Każde dziecko powinno mieć swój pokój, a w nim biurko. A przynajmniej miejsce do nauki. Tyle teoria. W praktyce wygląda to inaczej.

- Na 49 mkw. mieszkamy z trójką dzieci. To same dziewczynki mają wspólny pokój. Biurko jest jedno, dlatego jedna pracuje przy nim, druga przy blacie kuchennym, a trzecia w naszym pokoju. Nawet gdyby mogły siedzieć obok siebie, to by sobie przeszkadzały, bo mają lekcje w tym samym czasie, ale w różnych klasach - opowiada pani Marta z Lublina. - Czasami w trakcie ich lekcji idę do łazienki, żeby mieć chwilę spokoju i nie słuchać tego wszystkiego. Czasami czuję się jak w klatce.

- Mieszkamy w kawalerce. Mąż teraz już chodzi do pracy, ale jak kilka tygodni siedział w domu, to był bardzo zły, że od rana do nocy były zdalne lekcje. Ja zresztą też byłam skrępowana prowadząc przy nim zajęcia. Plus jest tylko taki, że zrozumiał dlaczego przychodzę z pracy tak zła lub zmęczona - opisuje nauczycielka matematyki z Lublina.

Po czwarte: kiedy?

- Jestem nauczycielem, który kocha swoją pracę. Teraz coś we mnie pękło. Pracuję na własnym sprzęcie, ciągle tworzę coś z niczego i jestem przemęczona jak nigdy - pisze nasza Czytelniczka. - Moja praca w szkole specjalnej to ciągła aktywność fizyczna. Teraz siedzę przy komputerze nawet po 10 godzin dziennie. Na tym się nie kończy, prace odsyłane przez dzieci przychodzą nawet o godz. 23 na prywatny telefon, bo tylko tak kontaktuje się wielu uczniów. W czasie, kiedy chciałoby się odpocząć trzeba pomóc swoim dzieciom, sprawdzić, odebrać, wysłać, wydrukować... Sekretarka na 2 etaty za 2/3 pensji, bo zabrano nam dodatki i większość realizowanych do tej pory nadgodzin. Jest mi przykro i czuję, że mam dość. 
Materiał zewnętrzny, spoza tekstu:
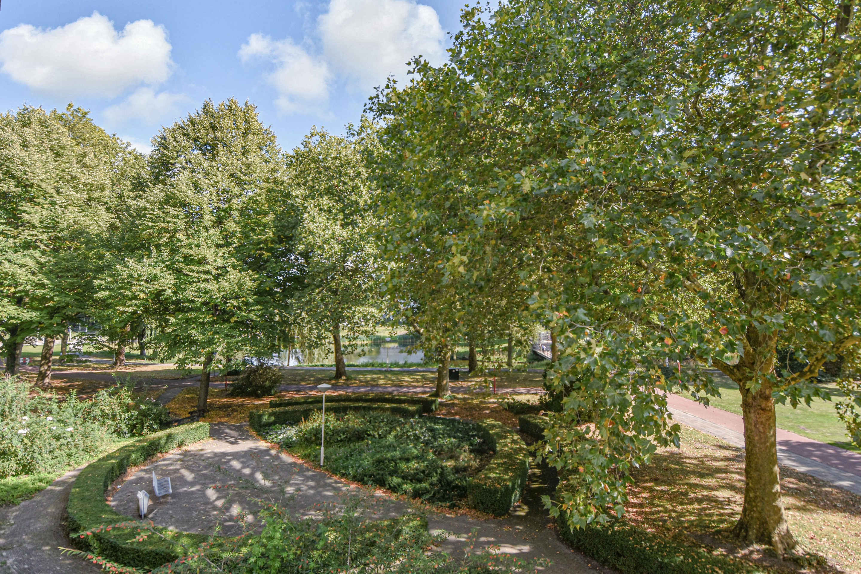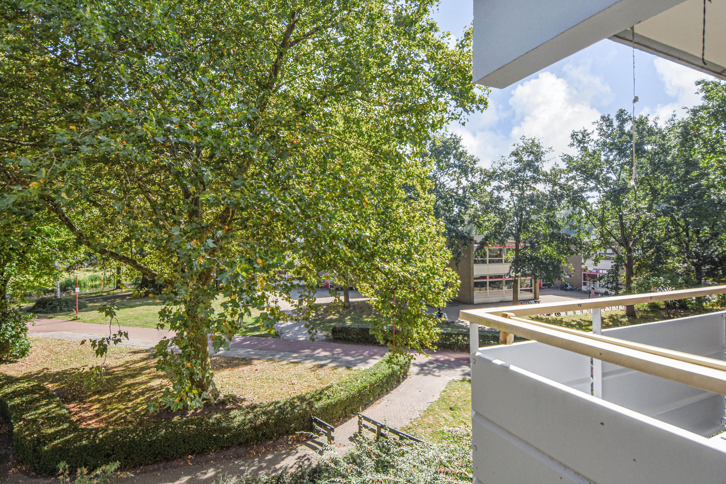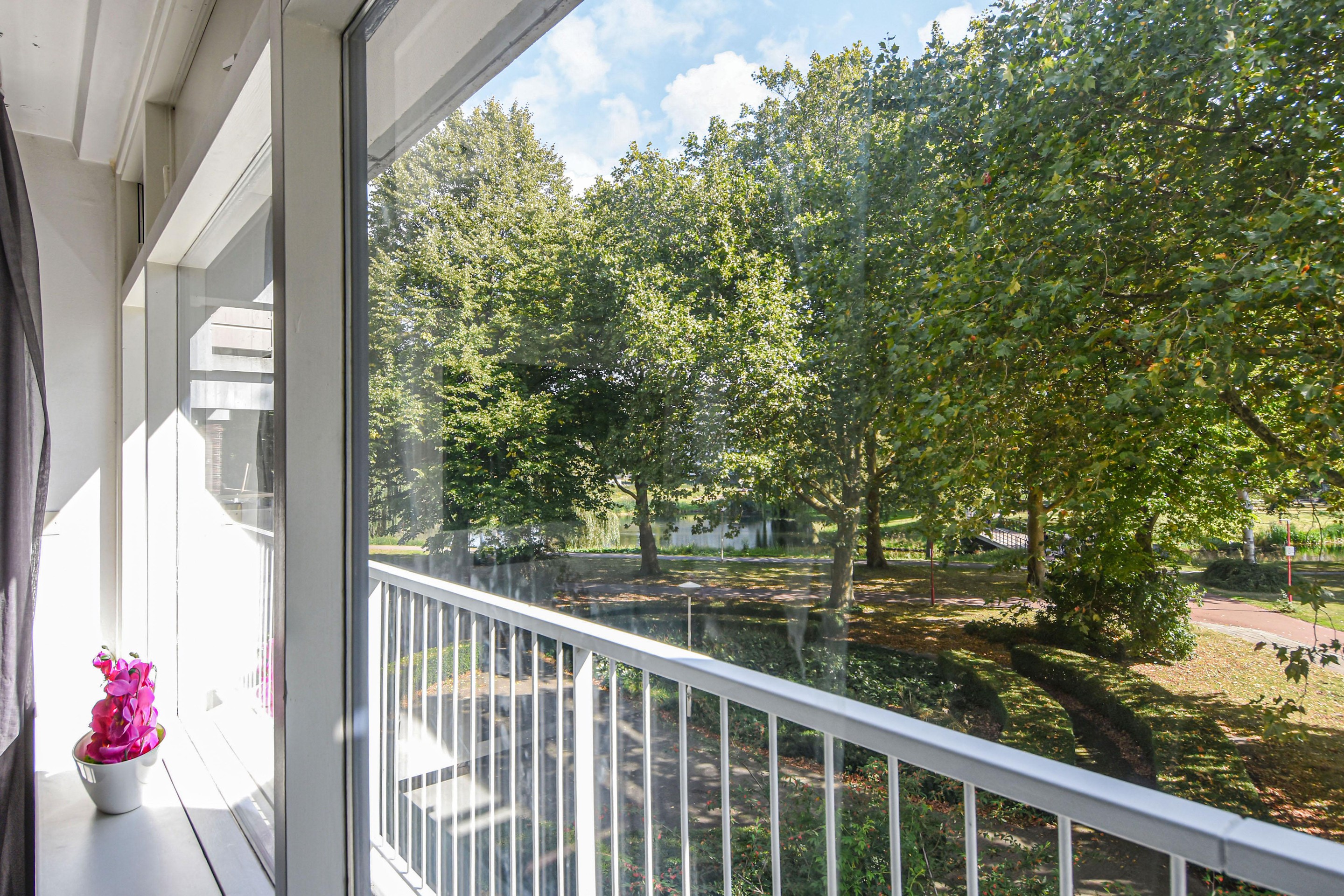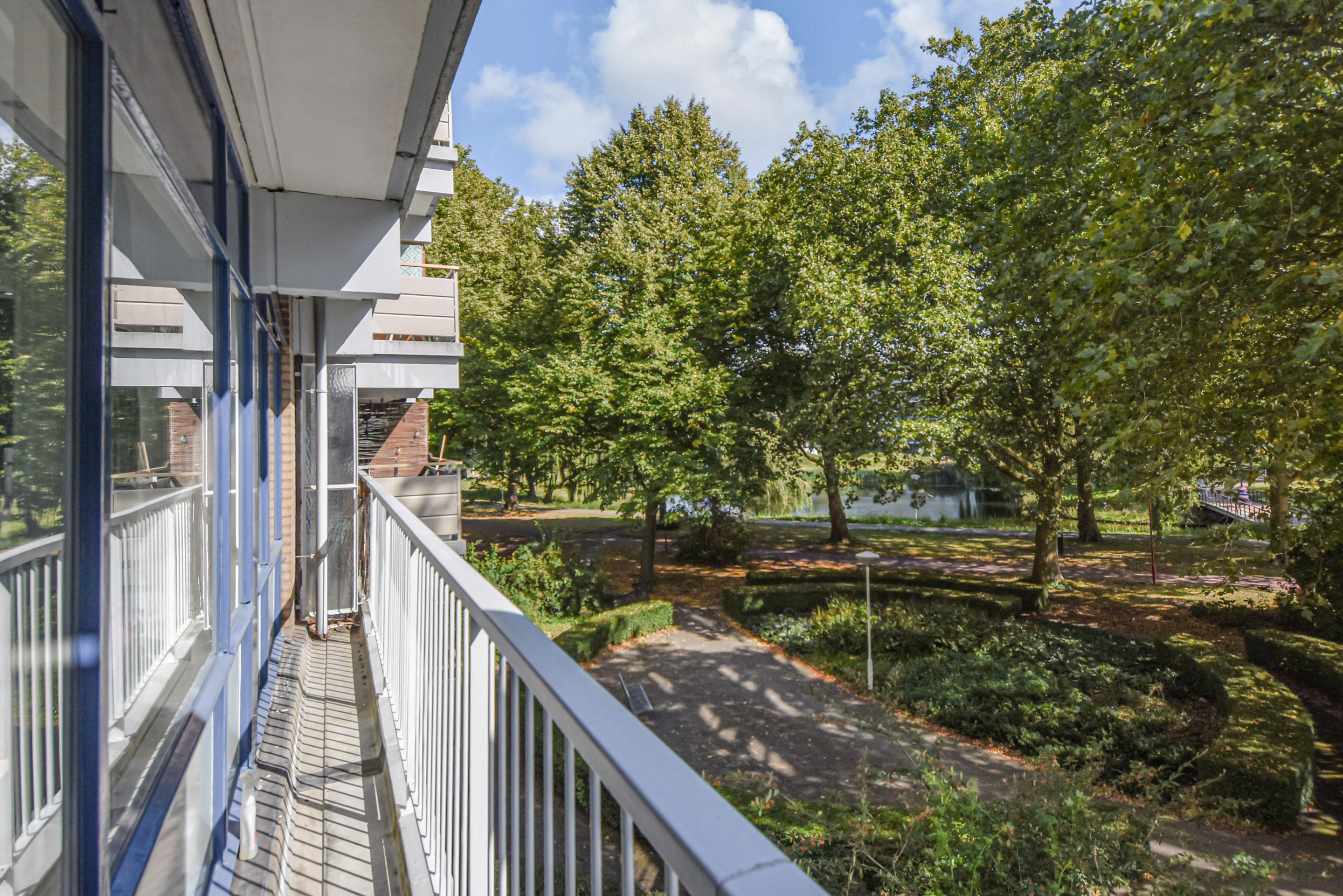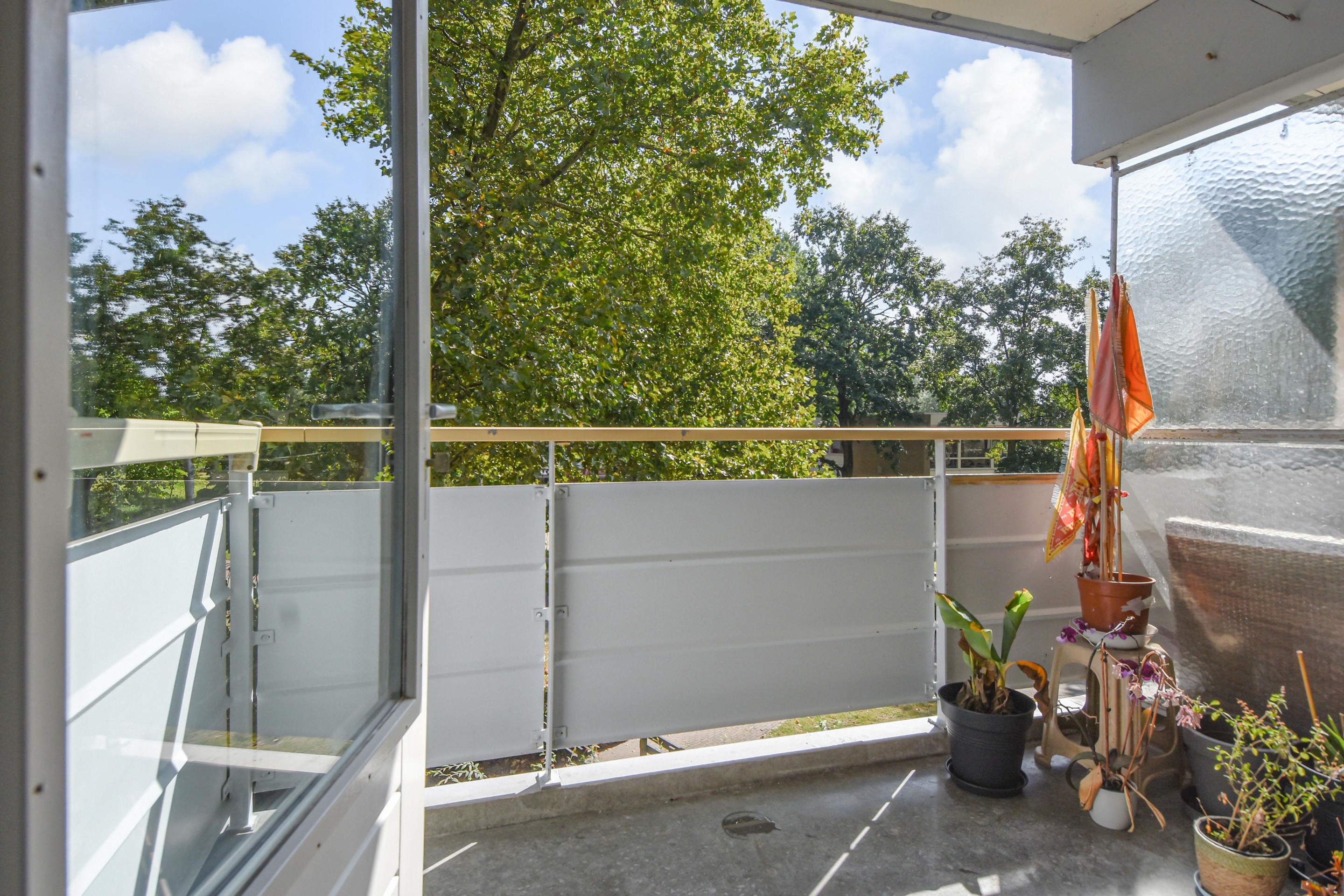 Het balkon op het zuidoosten biedt volop zon en een schitterend uitzicht over het park. In de onderbouw beschikt het appartement over een eigen berging.
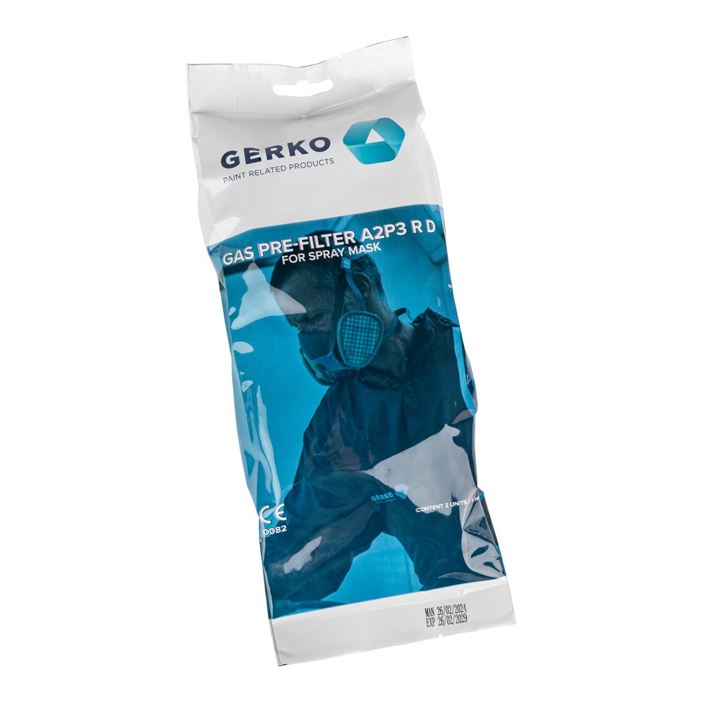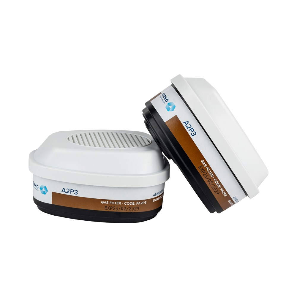 Gas filter A2P3 R D, 2 pieces in a sealed plastic bag. The filters comply with EN 14387 and are CE-certified. CE marking: 0082.
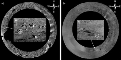 “玉兔二號”月球獲取的全景影像鑲嵌圖:第3月晝(左)和第13月晝 (右)
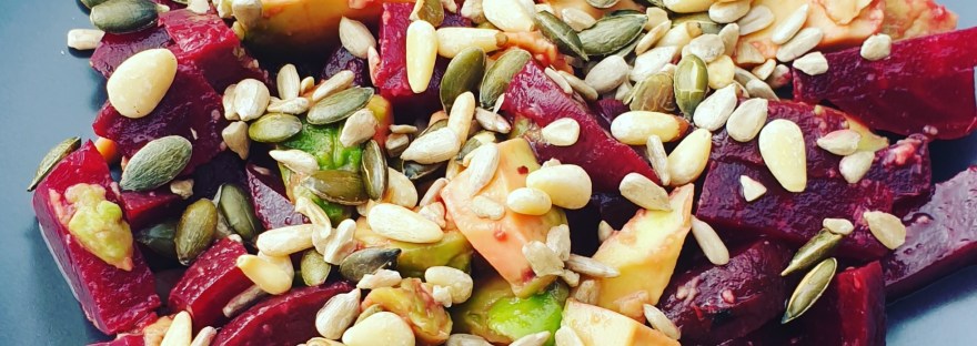Snijd de bieten en avocado in hapklare stukjes. Meng dit in een diep bord met wat olie en een snufje zout. Rooster de pitten/zaden op een niet al te hoog vuur in een pan zonder olie/vet. Let op, ze verbranden snel. Verdeel ze over de salade en geniet ervan.
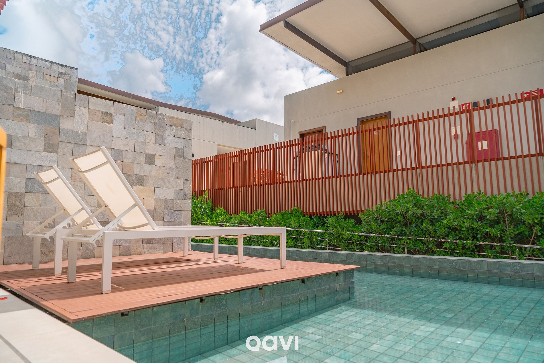 Deck molhado: No exterior da suíte contamos com espreguiçadeiras e mesa com cadeiras.
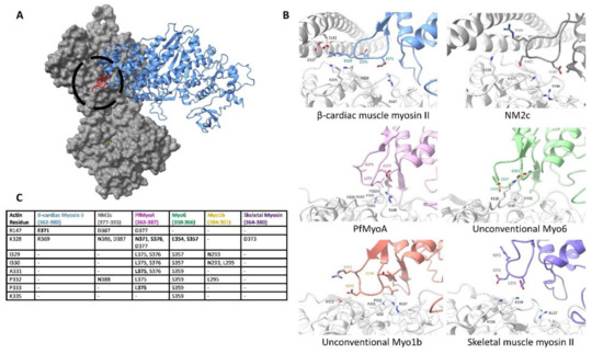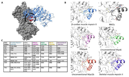 - Robert-Paganin, J.; Xu, X.-P.; Swift, M.F.; Auguin, D.; Robblee, J.P.; Lu, H.; Fagnant, P.M.; Krementsova, E.B.; Trybus, K.M.; Houdusse, A.; et al. The actomyosin interface contains an evolutionary conserved core and an ancillary interface involved in specificity. Nat. Commun. 2021, 12, 1892. [Google Scholar] [CrossRef]
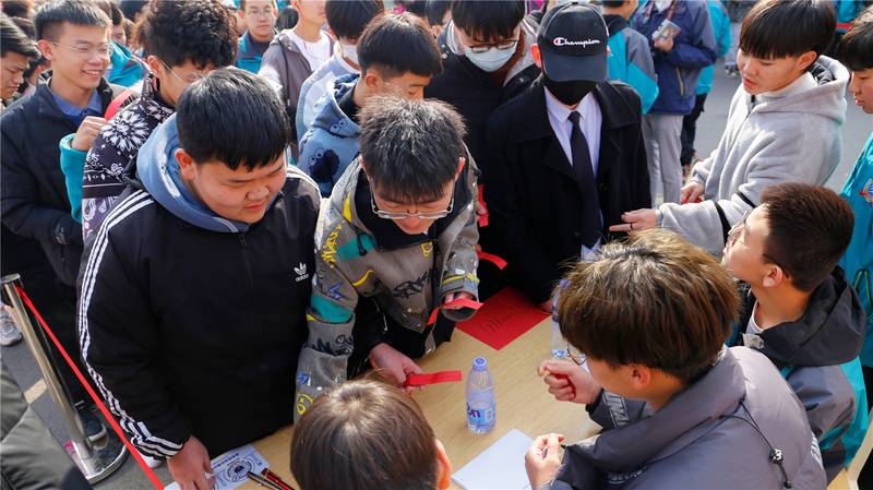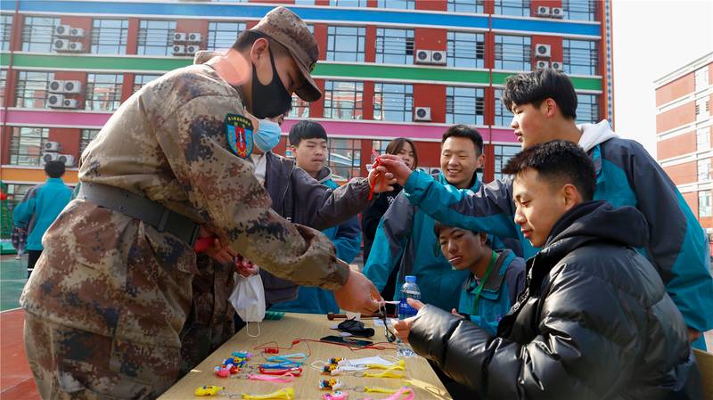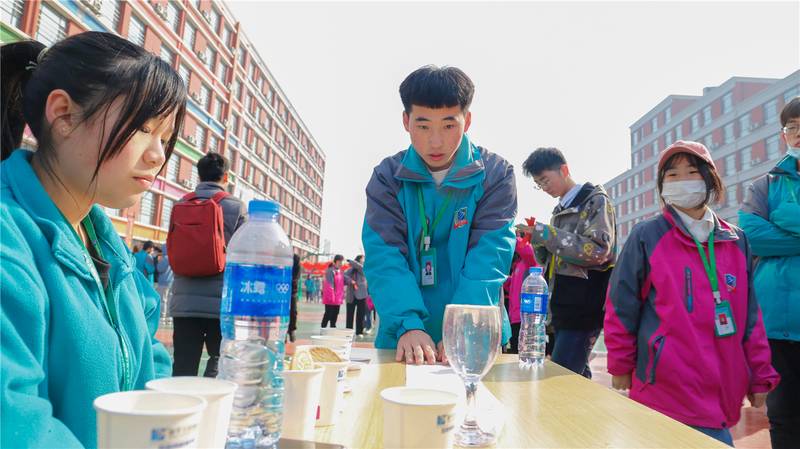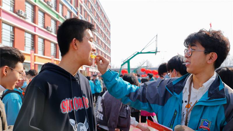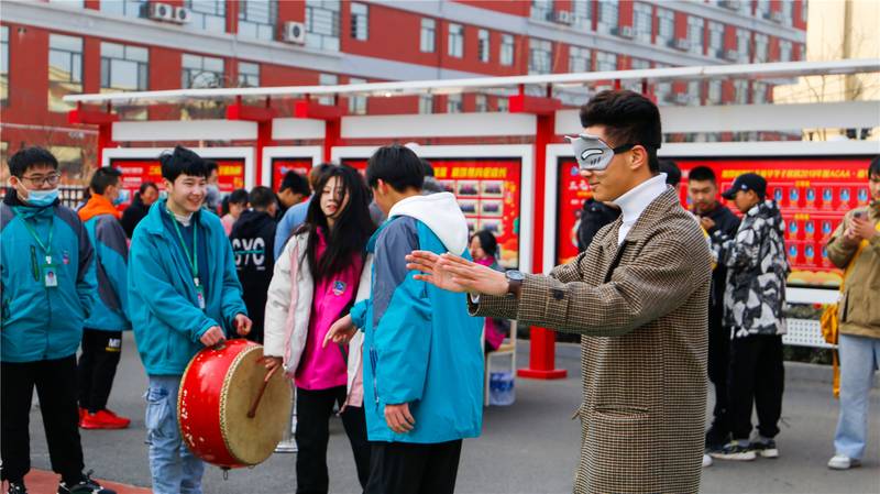 在学校爱国广场东侧的趣味运动游戏场地上,也围满了排队等待参加的学子们。学校为趣味运动游戏设置了许多精美的奖品,游戏项目有讲究平衡与技巧的夹乒乓球——“水中取珠”、考验手感精准度的飞镖射气球——“小李飞刀”、测试记忆力和力道控制的蒙眼穿障碍——“勇闯雷区”,还有幸运大转盘抽奖活动等等,不少幸运小伙伴们抽到了奖品,一脸喜悦地拍照留念。
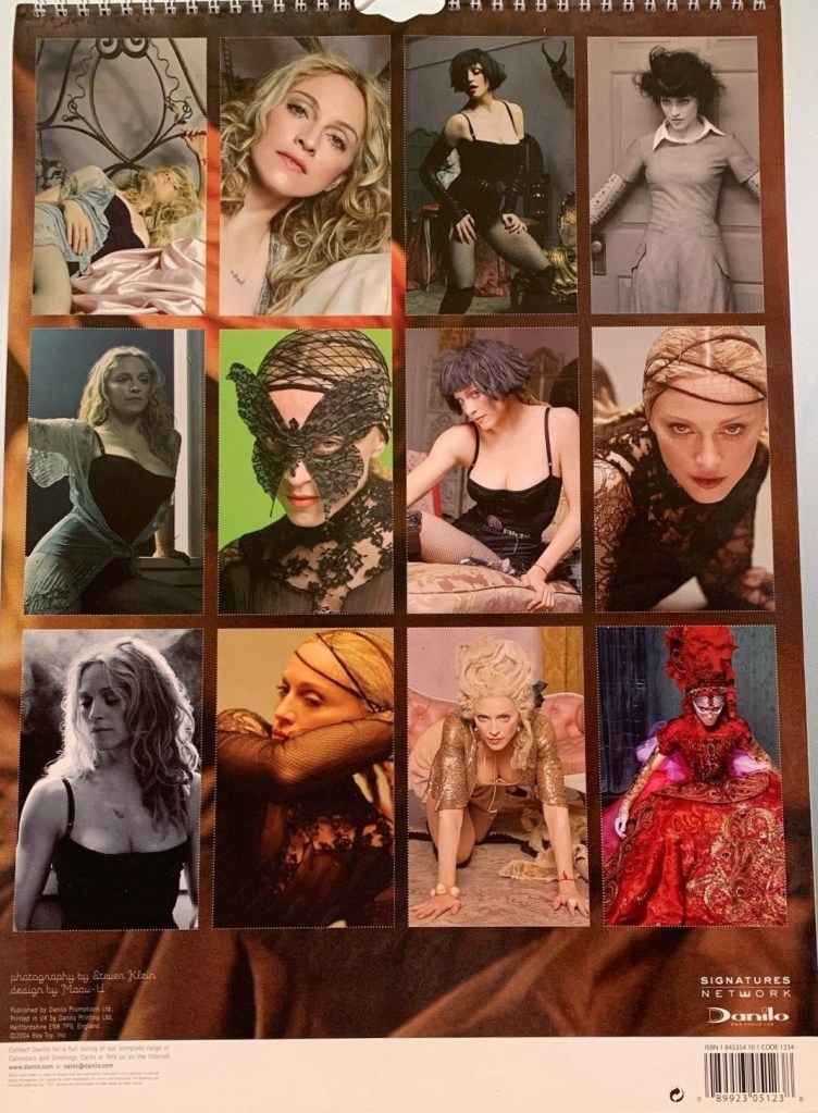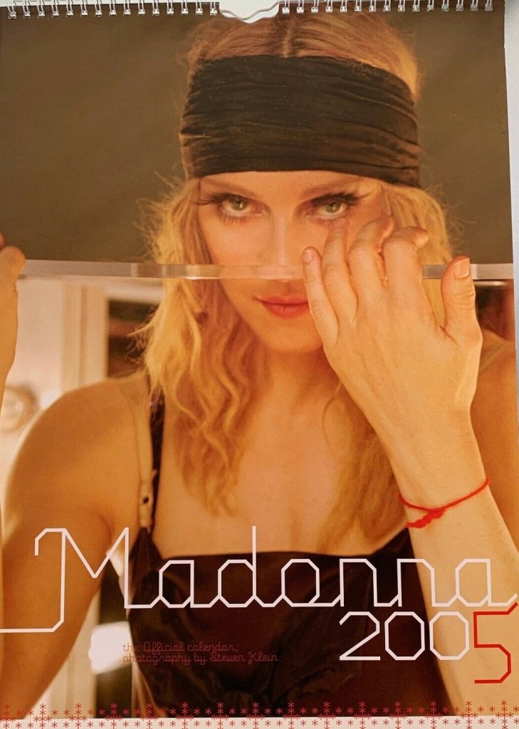 En el segmento memorabiblia de cada año, comenzamos como siempre con el calendario oficial 2005. Producido por la compañía Danilo, que se encarga de realizar los calendarios anuales oficiales de Madonna para Europa. El artículo consiste en un calendario en formato rectangular de los típicos con espiral en el borde superior, con gancho para colgar de 12″ x 16″ y un formato más pequeño cuadraro. Incluye una serie de fotografías tomadas por Steven Klein para su proyecto «X-tatic Process» cómo así también para la promoción de la gira «The Re-Invention Tour» del 2004.
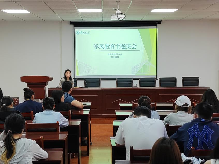 在考风考纪教育环节,王翠结合《湖北大学学生管理规定(修订)》《湖北大学学生违纪处分办法》等文件,以多个真实考试违纪案例为警示,告诫同学们在大小考试中务必坚守诚信底线。同时,她还着重介绍学院的网格化机制,要求学生主动、及时向网格员报备在校、离校情况,确保日常管理严谨高效。
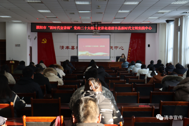为深入学习贯彻落实党的二十大精神,促进习近平新时代中国特色社会主义思想主题教育走深走实,近日,“党的二十大精神”宣讲报告会在县新时代文明实践中心召开。本期宣讲特邀濮阳市“新时代宣讲师”、清丰县委党校讲师谭晓越主讲,全县省、市、县级文明单位90余名党员干部参加宣讲报告会。

- Jestem mamą siódmoklasistki. To co się dzieje z lekcjami to skandal. Przesyłają dużo więcej zadań niż było w szkole. Dzisiaj córka miała mieć sprawdzian o 8. Wczoraj po 21 dowiedziała się, że został przeniesiony na poniedziałek. Nauczyciele czasami nie sprawdzają zadań od dzieci. Córka dostała ocenę 1 z przedmiotu, bo nie wysłała pracy. A praca była wysłana 3 dni wcześniej. Trzeba było interweniować. Takich przypadków było kilka - opowiada Czytelniczka. - Mamy też problem z internetem, ale niektórych nauczycieli to nie obchodzi. Mają być zrobione zadania i dzieci muszę być na lekcjach online. A reszta to problem rodziców. Często jej pomagam, bo nie jest w stanie przerobić tego wszystkiego. Jeszcze jak dochodzi nowy materiał to już całkiem jest ciężko. Trzeba przecież wytłumaczyć. Mam drugi etat nauczycielki. Takich dzieci i rodziców jest bardzo dużo.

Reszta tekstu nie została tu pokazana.